I used the moussaka recipe from Mediterranean Paleo Cooking to create this fulfilling, rich dish. The recipe called for eggplant, but I had a lovely bag of shiitaki mushrooms that needed to get used up. The recipe also called for parsley to go with the eggplant. Sub oregano with mushrooms. I also should mention that I used leeks instead of onions. All of these substitutions gave the dish a real earthy/hearty feel. THIS is REAL comfort food. The other good news: plenty of leftovers!

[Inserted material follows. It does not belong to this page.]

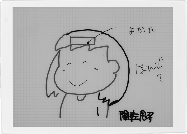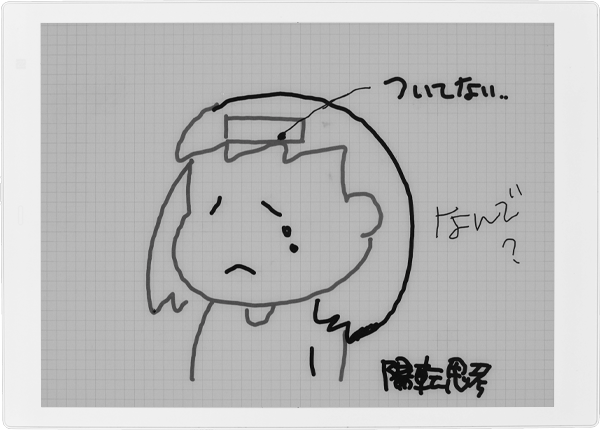 ↑オンラインセミナーで「陽転思考」を説明する際に使用したイラスト。これまではスケッチブックに書いていたが、クアデルノにすることで「顔の表情だけを消す→書き換える」が可能になった。「スケッチブックの消費があまりに早かったので助かりました(笑)。オンラインセミナーが時代の主流になっても、アナログの良さはうまく盛り込んできいきたいですね」(和田さん)

2015-03-15 10.35.45Saute/brown leeks, garlic in your fat of choice. Add ground meat (suggested lamb or beef). Add cinnamon, S&P. While that is sauteeing, mix tomato puree with water; add mixture to meat saute. Transfer to baking dish. Saute mushrooms, just until soft (or eggplant, if following actual recipe) in same pan. Add to baking dish and combine meat mixture with mushrooms. For the topping: combine equal amount of full-fat canned coconut milk (not the TJ’s type thick cream) with arrowroot powder. Over stove top, heat a whole can of coconut milk. Once bubbling, turn down stove top to med-low and whisk in coconut milk-arrowroot powder mixture (this will likely get lumpy and freak you out…I thought I ruined it at first, but sit tight!). In the same bowl I mixed the coconut milk-arrowroot powder, I whisked an egg. Turn off heat (keep pan over warm burner) and whisk in egg. This is where it will start to get really creamy and delicious looking. Make sure you S&P to taste! Pour mixture over meat mixture. Bake in oven at 350 for 3/4 of an hour. Broil for a few minutes to get top golden brown. Remove from oven and let sit at room temperature before cutting and serving.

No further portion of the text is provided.